The number and diversity of publications generated from amateur data is an important metric of the community's impact on science. If you want an even more comprehensive picture of the science generated by the AAVSO community during 2012, I urge you to visit our AAVSO in Print page and see for yourself the great science being done by, and with the help of, the amateur variable star observer community. However I think one can take a few things away from this broad overview.
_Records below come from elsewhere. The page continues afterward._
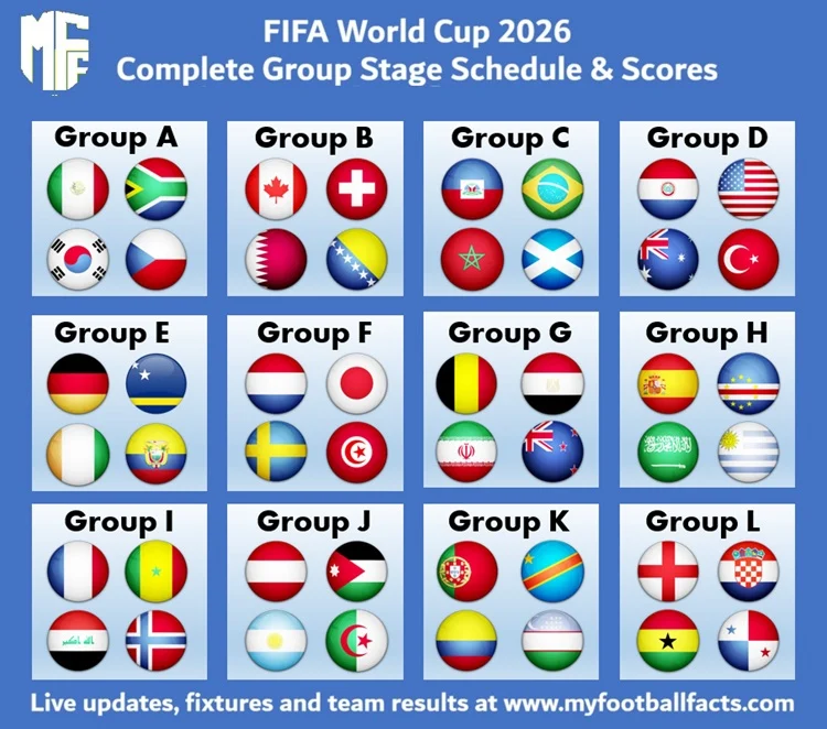 Keep up to date with the complete FIFA World Cup 2026 schedule below. Our guide includes all group stage matches, kick-off times and direct links to live scores and individual team results for each match in the tournament.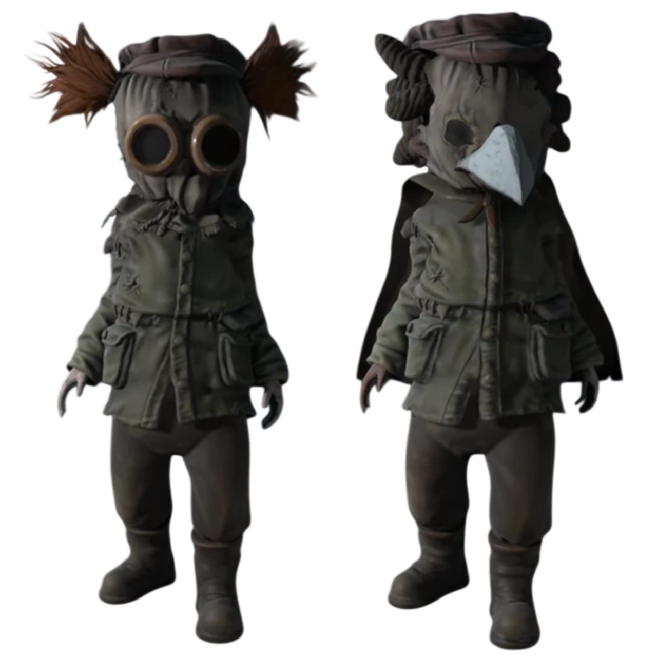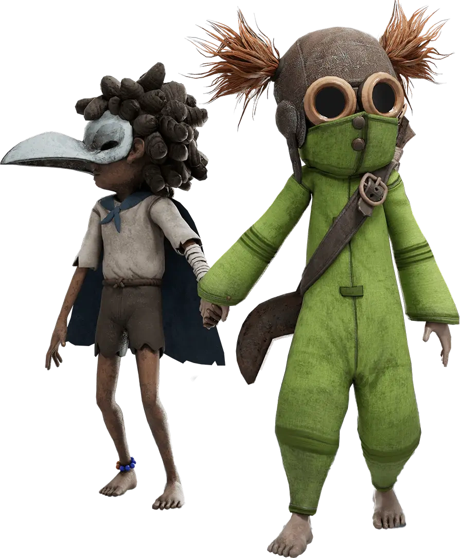 Klonoa and Ghadius. | Bring nostalgia and darkness together with these costumes. A tribute to the beloved classic, reimagined with a creepy twist for your journey through the Spiral. The Klonoa Costumes Set introduces two iconic figures from the KLONOA series into the eerie world of Little Nightmares III. Klonoa’s adventurous spirit and Ghadius’ menacing presence collide in a pair of distinctive outfits that capture both charm and unease. Wear these costumes to stand out as you explore unsettling environments and face the horrors of the Spiral. A nostalgic nod for long-time fans, and a fresh, haunting look for new adventurers.[8] | Free to download online. |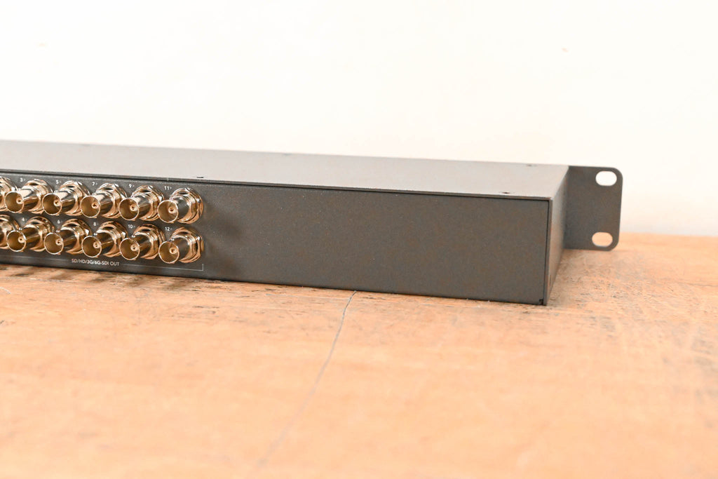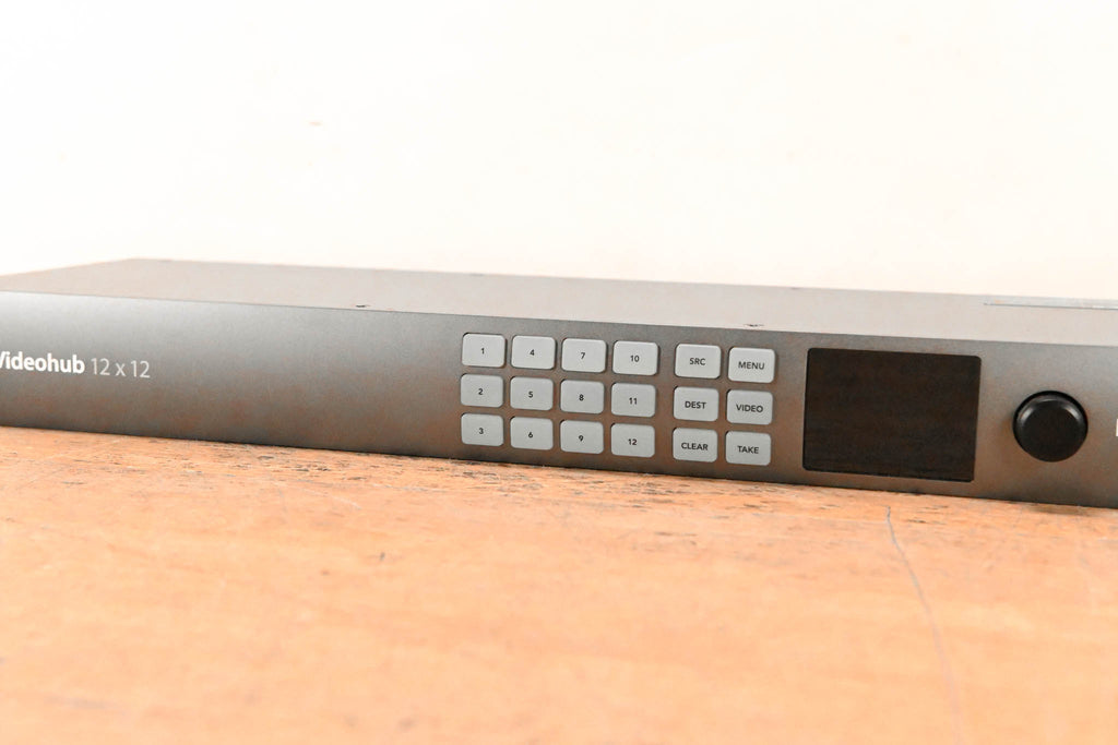 Routing Switcher 12 x 6G-SDI Inputs / 12 x 6G-SDI Outputs Supports SD, HD, Ultra HD 4K, DCI 4K 4:2:2 and 4:4:4 Sampling 10-Bit Processing SDI Reclocking Built-In LCD with Spin Knob Control Push Buttons on Front Panel Ethernet for Remote Control

One is that your observations are being used in very diverse ways, and ground-based photometry is being effectively paired with any number of other data sets and research strategies. Two, I think the current topics of interest show value in both long-term monitoring of variables and intensive, short-term campaigns. There's no fixed strategy for what observations are necessarily most productive, but in general the papers utilizing archival data seem to concentrate on objects with long-term variations -- the Miras, semiregulars, R CrB stars, and others. Objects with very short-term variations -- cataclysmics and YSOs -- are a mix, but short-term, focused and intensive campaigns are providing interesting new results. I would argue that both are valuable approaches for observers to take, and which you try is more a matter of personal preference as much as scientific result. Lastly, there are a number of papers producing very interesting astrophysics from very bright stars -- brighter than V=12, and often much brighter. This is increasingly the realm solely of the amateur and small college community as major national and international observatories focus attention (and budgets) on very large telescopes. We're now in an era where even 4-meter telescopes are considered "small", which leaves an extraordinary array of targets unobserved -- and unobservable -- by major instruments. There are valid scientific reasons for the larger research community to push the boundaries of the field with powerful instrumentation, but definitely be aware there's an awful lot of astronomy and astrophysics left to learn, precisely where your instruments are most powerful. I think the research community will become increasingly reliant on the international amateur community in the years to come, and there's also room for researchers within the amateur community to define their own projects and answer interesting questions.
I look forward to seeing more great science in print in the year to come, and we're already actively adding to AAVSO in Print in just the first month of the year. There are any number of ways you can participate in science, and I hope you take every opportunity to do so. Your only limitations are your imagination and clouds, and I wish you very clear skies in 2013!